_EXERCISE REQUIREMENTS:_ Retype the line in which "向右侧调整车身,直到我们能从" appears, then every line after it until the records end. Leave out the pictures.

Data entries
= = = =

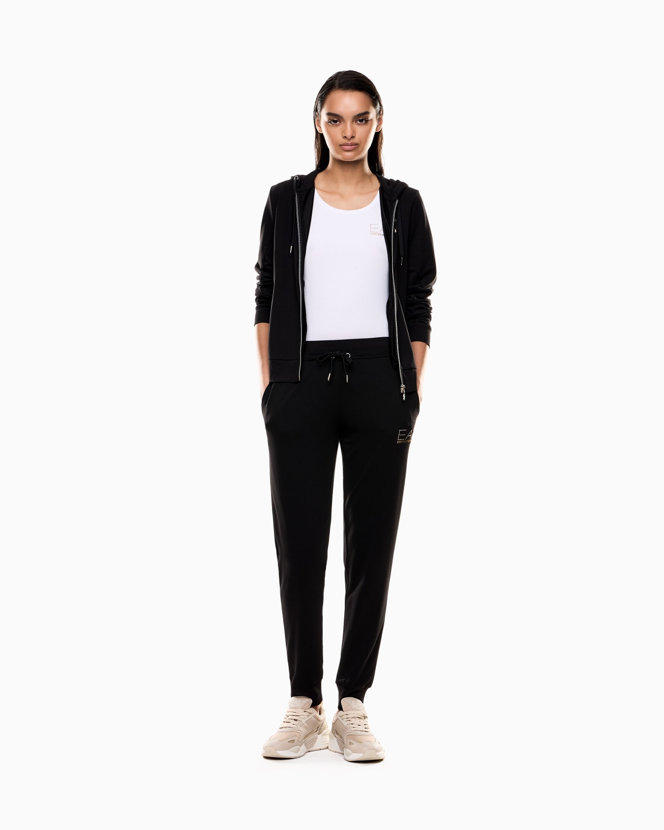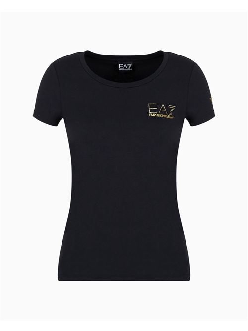 T-shirt girocollo versatile e comoda, realizzata in tessuto misto cotone e modal stretch, dalla vestibilità slim, pensata per completare il tuo look sporty con un tocco luminoso. Un modello che si distingue per la personalizzazione del logo EA7 sul petto e dal logo Eagle sulla manica sinistra, entrambi realizzati in micro borchie oro che donano un tocco luminoso, che richiama sia i pantaloni che le felpe della stessa linea.
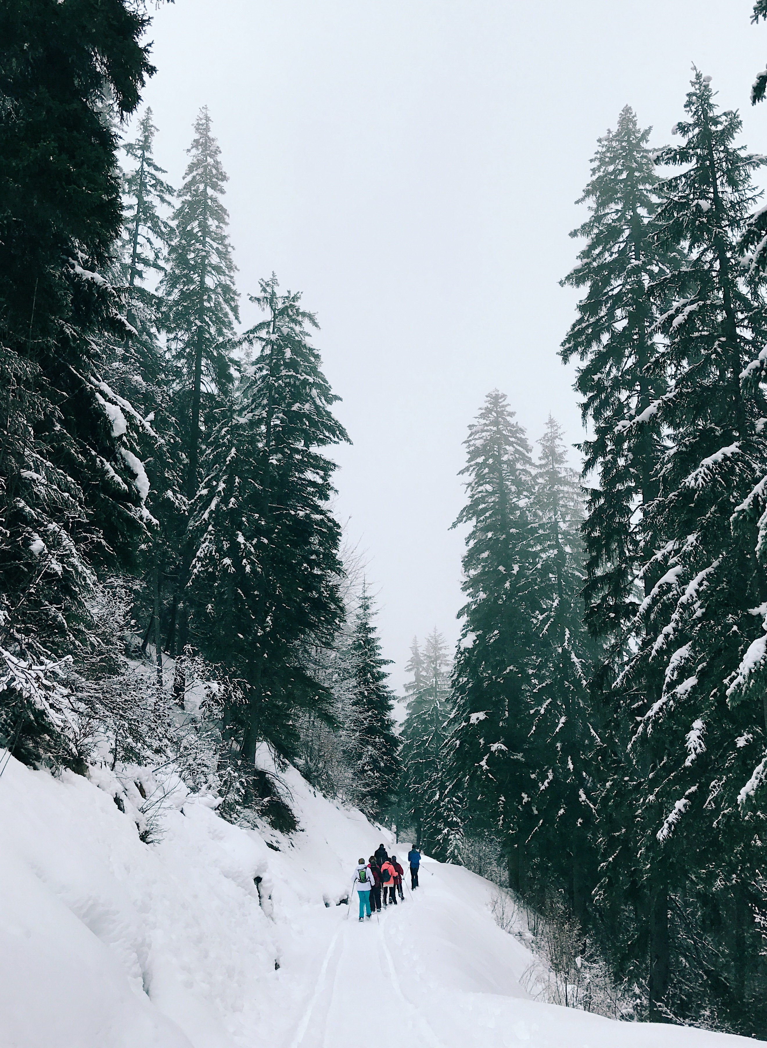 I honestly I had no clue about snowshoeing. Best, simplest advice my guide from the ESF school gave me: ‘ If you can walk, you can snowshoe.’ The learning curve is much less steeper than skiing or snowboarding. In the beginning it feels a little awkward. However after awhile I got the hang of it. It is hard work initially. In Les Menuires I went on a half day hike from St Martin de Belleville through the Belleville Valley. We start off on a marked trail but then soon find ourselves carving out a route uphill through virgin snow. There was a decent few inches of powder. I enjoy the peace of nature around me, the silence of the mountains with nothing but the wonderful crunch of snow under my feet. Going uphill was a proper workout. I was sweating buckets under the layers and grateful I had brought water with me. Also for novelty value, some of us in the group were scooping the fresh snow and eating it. I’m still alive, yes. I enjoyed snowshoeing so much that when I was in Meribel later, I went snowshoeing again. The route we took, going through the forest and then later a pretty epic downhill journey down -was really beautiful. I’ll let the pictures and the video do the talking.
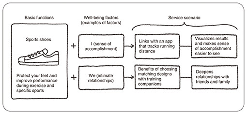 The concept of developing services that contribute to well-being is also compatible with the concept of well-being education. Regarding learning well-being competencies in school education, I touched on “targeted” and “arranged” practices, and that classification can also be applied to service development. Service development sometimes focuses on certain well-being factors, while at other times, well-being experiences can be added on the basic function of improving functionality and productivity. These two types of service development are likely to cover a wide range of service areas. For example, “targeted” service development tends to be suited to services related to mental healthcare, beauty and health, and work styles, while “arranged” service development is thought to be more applicable to materials development and business-to-business businesses. Let us look at some specific examples of the “arranged” service development. For example, the basic function of a product, such as sports shoes, is to “protect the feet and improve performance when playing sports.” If, as an “arranged” service, the product is linked to an app that records the running distance, users will be more likely to feel a sense of accomplishment. Another “arranged” service would be to offer the bonus of being able to choose matching designs with friends who train together, thereby deepen relationships with them (Fig. 5). Even with the same basic functions, the value of the service depends on the well-being that is focused on when the arrangement is made.
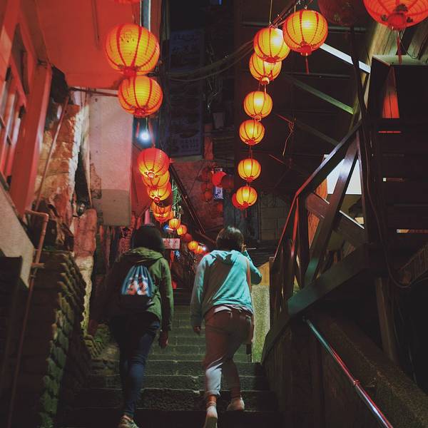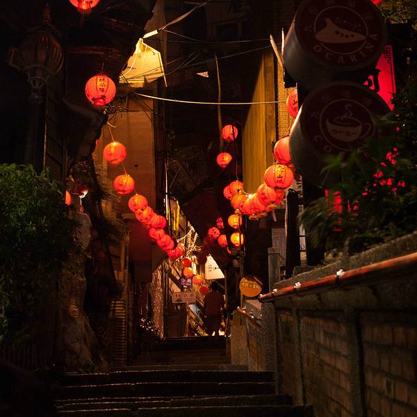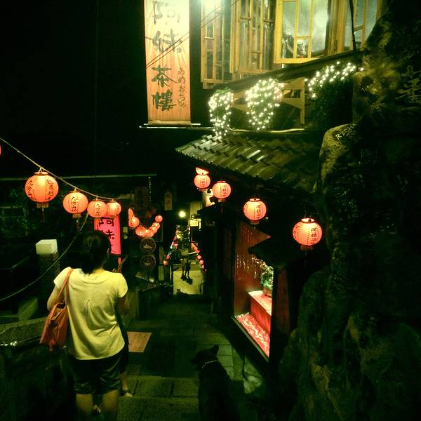 ▼ 晚上从十分回来,在民宿用过餐后,打算逛一逛九份老街。因走过去有一段距离,得知我们欲前往,好心的民宿老板便亲自驾车给我们当接送司机。到台湾旅行,许许多多的台湾人民都会递给你如民宿老板般不经意间的感动。怀揣着这份情义,我们潜入九份的夜色,流连于高挂的大红灯笼间
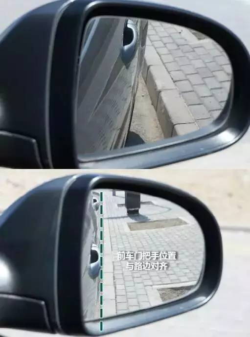 向右侧调整车身,直到我们能从右侧后视镜中看到,右侧前门把手能够遮住路边石边缘。一旦重合,要迅速打正方向盘调正车身。多试几遍就OK。
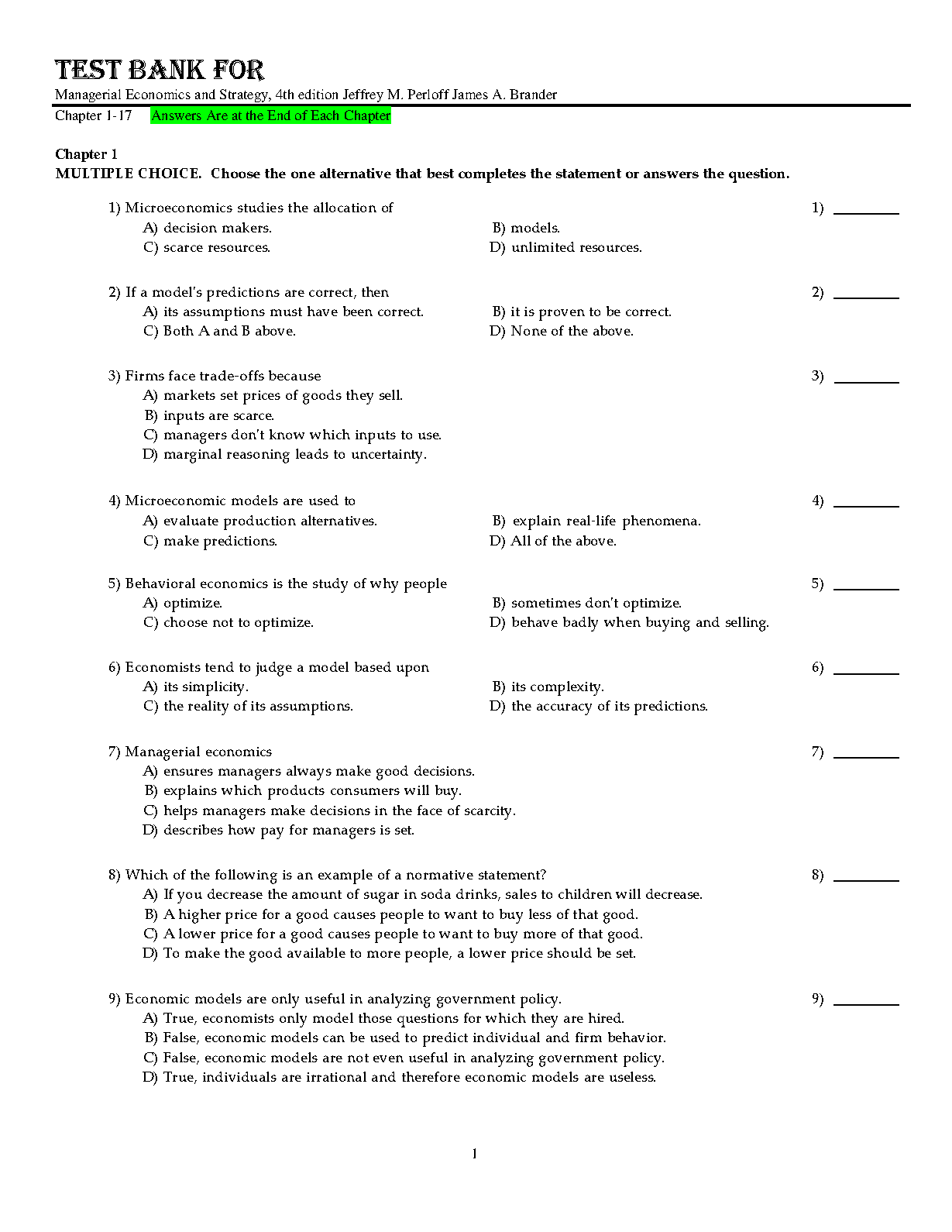 Test Bank for Managerial Economics and Strategy, 4th Edition by Jeffrey M. Perloff and James A. Brander

= = = =

_ANSWER TO THIS EXERCISE:_
 向右侧调整车身,直到我们能从右侧后视镜中看到,右侧前门把手能够遮住路边石边缘。一旦重合,要迅速打正方向盘调正车身。多试几遍就OK。
 Test Bank for Managerial Economics and Strategy, 4th Edition by Jeffrey M. Perloff and James A. Brander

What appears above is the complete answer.